Mais les conflits d’intérêt entre le Conseil et la Commission continuent. Le Conseil essaye de
prévaloir. Il favorise les Etats-souverains alors que la Commission défend l’intérêt
communautaire. Avec l’AUE qui introduit l’alinéa 3 à l’article 100A, les mesures relatives au
marché intérieur pourront concurrencer l’environnement. Le contentieux se diffuse. Mais si les
Etats ont en amont le même pouvoir, ce n’est pas le cas en aval : l’article 100A est plus stricte que
l’article 175. Ceci est renforcé par la jurisprudence communautaire. Par exemple, dans son arrêt
« Dioxine de titane » en 1991 ou encore « Commission contre Conseil » du 17 mai 1993, la CJCE
favorise l’article 175. Le 30 janvier 2001 (arrêt « Royaume Uni contre Conseil »), la CJCE voulait
limiter le domaine de l’unanimité. Le 13 septembre 2005, la CJCE a annulé une décision cadre du
Conseil sur la protection de l’environnement par le droit pénal. Selon la Commission, cette
décision devait relever du premier pilier, de l’article 175. La CJCE vient la conforter. Selon elle, la
protection de l’environnement est un objectif essentiel. La procédure pénale n’est pas du ressort de
la Communauté mais dans le domaine de l’environnement, la Communauté peut prendre des
mesures en relation avec le droit pénal.
On peut s’interroger sur l’intégration des exigences environnementales dans les autres politiques.
Le principe d’intégration est un principe proclamé mais encore à concrétiser. Il est très utilisé.
Dans le domaine de l’environnement, la reconnaissance a été précoce et s’est posée dès 1987 avec
l’article 130 R. Puis avec le traité de Maastricht, l’environnement doit être intégré dans les autres
politiques. De plus, on a assisté à la remontée de ce principe aux articles liminaires et notamment à
l’article 6 du traité. Même si ce principe est très général, cela n’influe pas sur la juridicité du
principe. Ce principe intervient dans la motivation des juges.

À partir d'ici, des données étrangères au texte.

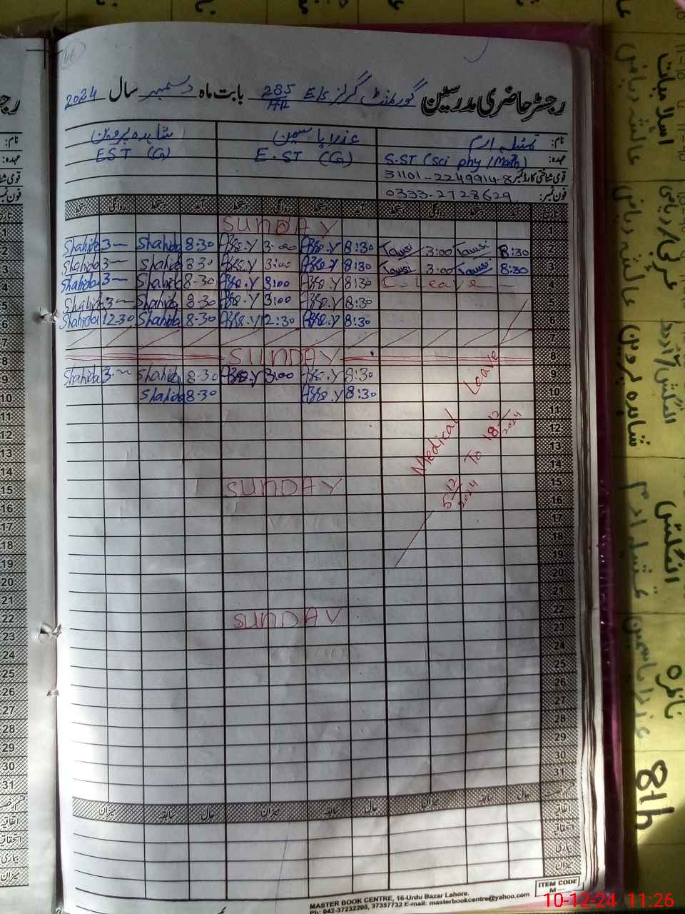 | Leave | Duty | Absent | Maternity | Medical | Ex- Pak |

Mais au niveau de l’effectivité juridique, le bilan est contrasté. Il est réussi au niveau de la PAC
(ex. : règlement de mai 1999 et de 2003). Mais par exemple, l’utilisation des fonds structurels pose
problème. Au niveau du financement, il y a eu plusieurs programmes dont le programme LIFE. Or
ce financement se concilie mal avec d’autres financements des fonds structurels. Les objectifs des
fonds se neutralisent parfois les uns des autres. Il y a beaucoup de textes qui ne forment pas un
ensemble cohérent. La cohérence est introuvable. Les concepts utilisés sont flous et évanescents.
La notion même d’environnement est flou. D’où l’absence de définition. Cela pose beaucoup de
questions : l’homme est-il le point focal de la définition, ce qui est le point de vue de la CPI ? Doit-
on insérer uniquement les éléments naturels ou artificiels ? Quel est le lien entre l’environnement
et d’autres notions telles que la santé ? En outre les techniques sont décousues et il y a de
nombreux emprunts à d’autres branches du droit comme le droit administratif ou le droit privé
auxquelles se superposent des techniques inventées comme la technique des listes. Pourtant la
cohérence est en voie de construction grâce à son squelette de principes généraux : l’article 174 al.
2, le principe de prévention, de précaution, de correction à la source et de pollueur-payeur. Ces
principes inspirent le législateur communautaire. On peut citer pour exemple, la directive 85/337
sur l’évaluation préalable des conséquences environnementales des projets publics. Se sont
également des instruments d’interprétation au service du juge. Par exemple dans son arrêt du 9
juillet 1992 « Déchets Wallons», la CJCE a utilisé le principe de correction à la source pour
interpréter extensivement l’exigence impérative d’intérêt général.
Cette cohérence est un objectif à relativiser. De fait, il existe une cohérence fonctionnelle car le
droit de l’environnement est un droit finalisé. Ce droit a un noyau dur et une finalité claire.
Néanmoins, c’est une cohérence difficile, il s’agit d’un droit post-moderne. Alors que les autres
instruments juridiques relèvent de la logique kelsénienne, les accords environnementaux et la
coordination environnementale se font davantage sous forme de maillage.